=== ENTRIES SUPPLIED ===

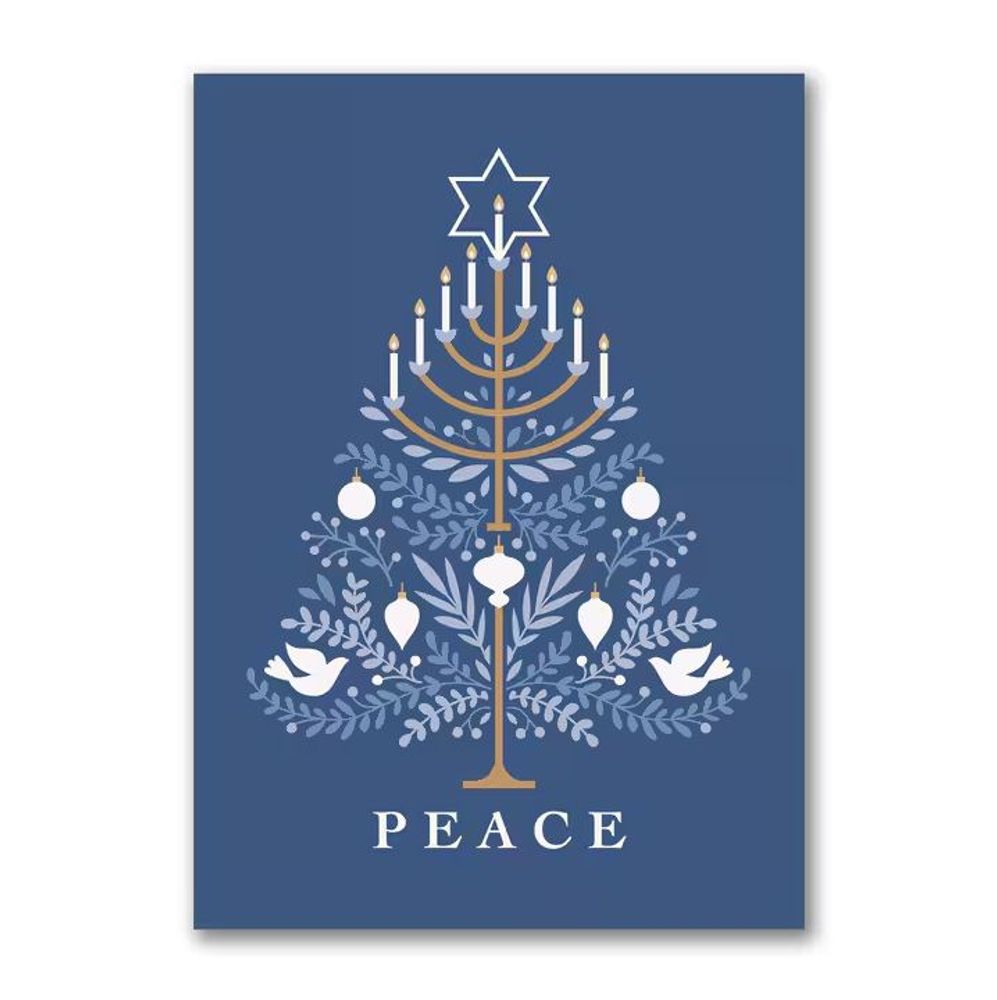 Embrace the beauty of unity by sending an interfaith holiday card with a symbolic design that celebrates the season with the fusion of Hanukkah and Christmas traditions. A Christmas tree grows from the base of a menorah in a white design set against a serene blue background. Dimensions: 5 5/8" x 7 7/8" Folded. Price includes printed card with blank envelope. Paper: White Smooth 120 lb. Features your logo inside the card.
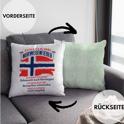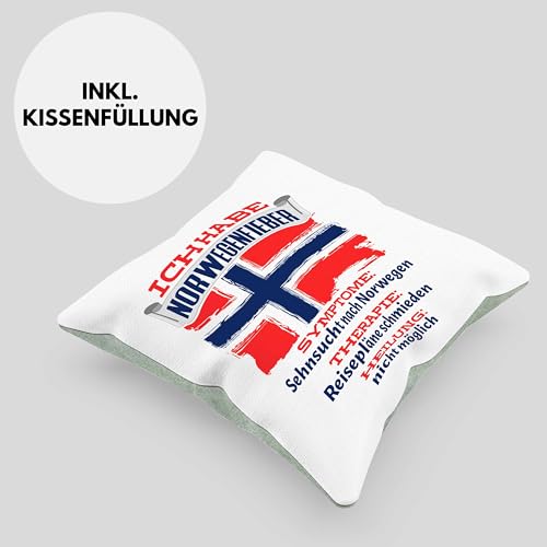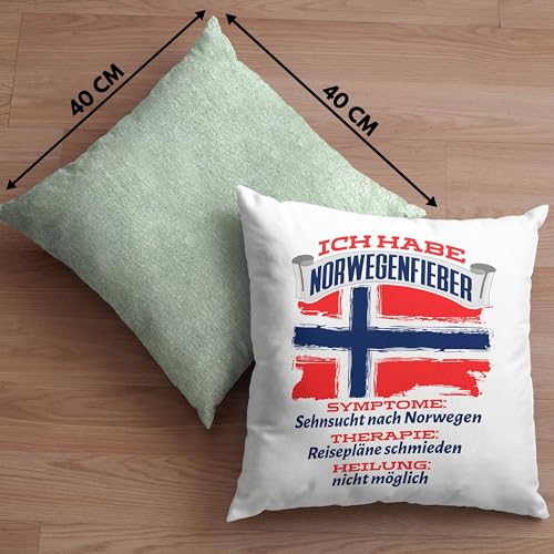Trendation Norwegen Kissen mit Füllung 40×40 Geschenk Grafik Norwegenfieber Geschenkidee Spruch Lustig (Grün)
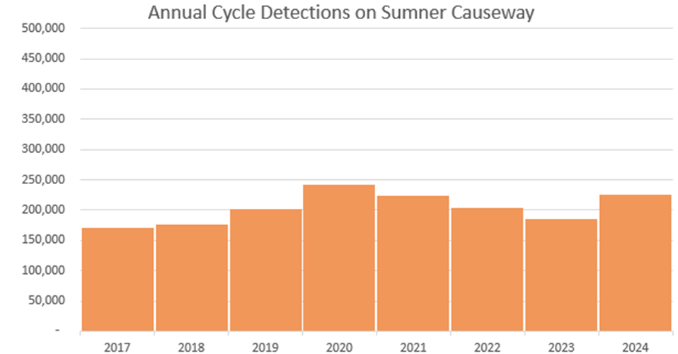 Main Road leading up to the Sumner Causeway bounced back a lot in 2024 after completion of the coastal pathway late 2023. The numbers still didn’t reach the lockdown-related peak of 2020, but it wasn’t a million miles off.
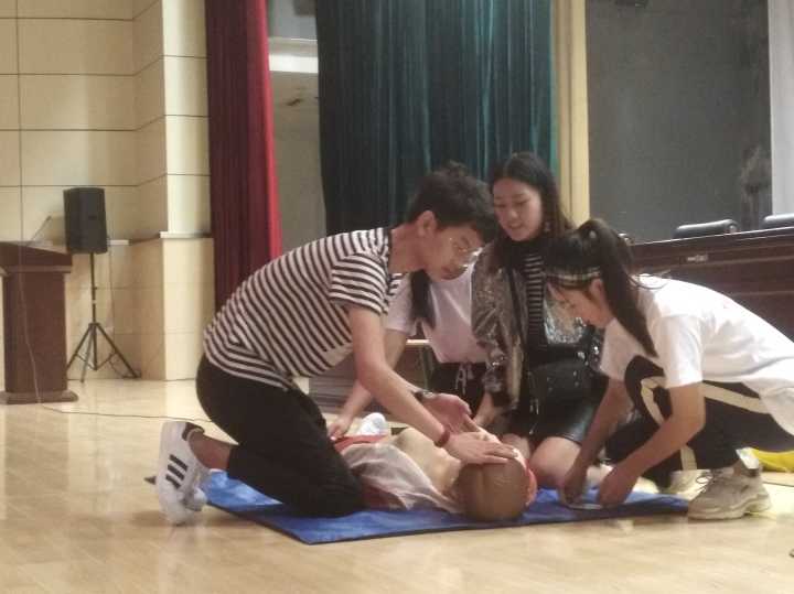 2018年9月11日上午,传媒系在学院礼堂开展2018级新生军训应急救护培训,我系18新生全体参与,系部红十字会成员主演此次培训活动。
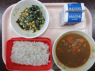 「麦ごはん、牛乳、ポークカレー、ほうれん草とコーンとツナのサラダ」です。今日から、食べ物クイズが始まりました。「ほうれん草が一番おいしくて栄養がたっぷりになる季節は、春、秋、冬のどれですか?」でした。
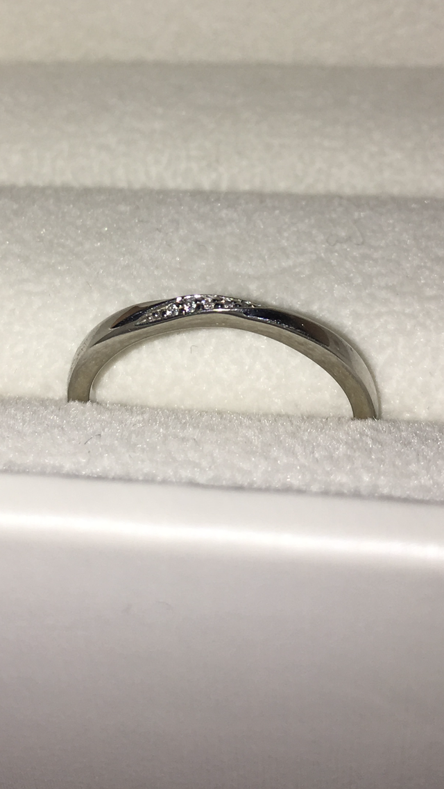 ユニークな指輪も素敵ですが、一生つけるものなので、着け心地を重視して表面が滑らかなもの、手を見た時にあまり主張しすぎないものにほうがいいと思い、最終的にこちらのデザインにしました。
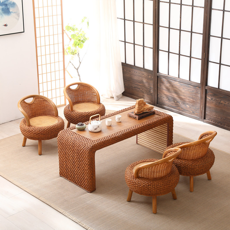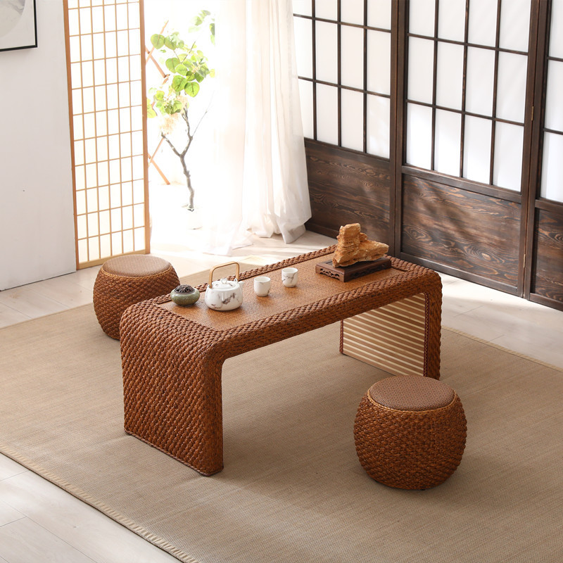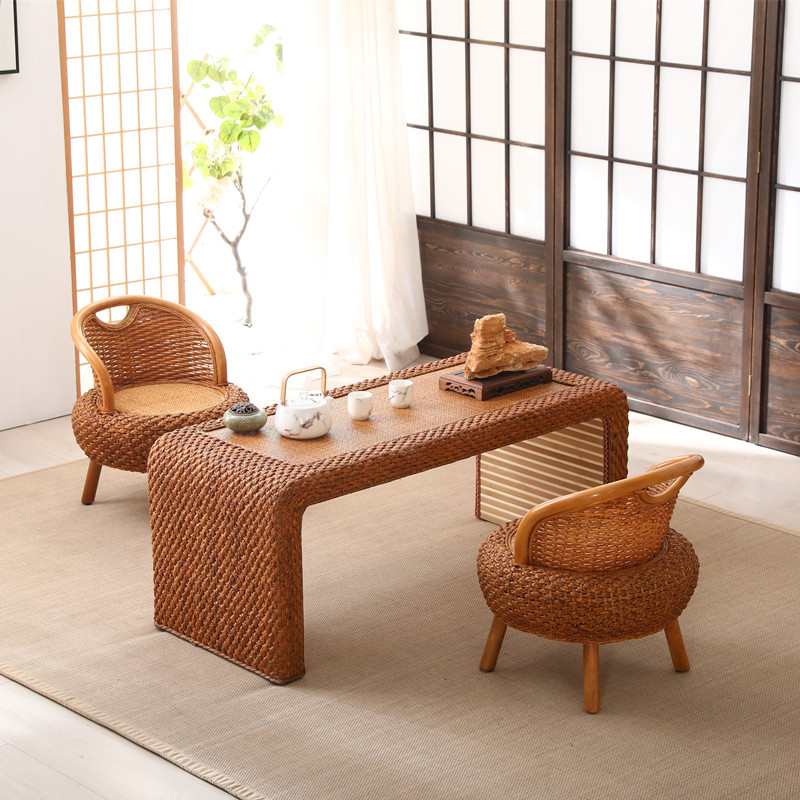 등나무 다다미 차 테이블 발코니 작은 테이블 일본 커피 테이블 야외 안뜰 테이블과 의자 조합 3 피스 낮은 차 테이블
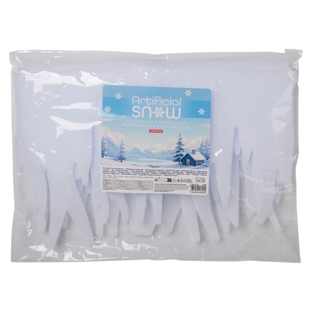 Umělý sníh s rampouchy, nehořlavý materiál.200 x 30 cm (šířka x výška)hmotnost: 80g przeczytaj całość

===

◆ EXERCISE AIM
Out of the records above, return only the lines from the one with "Main Road leading" through the one with "2018年9月11日上午,传", exactly, and none of the pictures.

◆ EXERCISE SOLUTION
 Main Road leading up to the Sumner Causeway bounced back a lot in 2024 after completion of the coastal pathway late 2023. The numbers still didn’t reach the lockdown-related peak of 2020, but it wasn’t a million miles off.
 2018年9月11日上午,传媒系在学院礼堂开展2018级新生军训应急救护培训,我系18新生全体参与,系部红十字会成员主演此次培训活动。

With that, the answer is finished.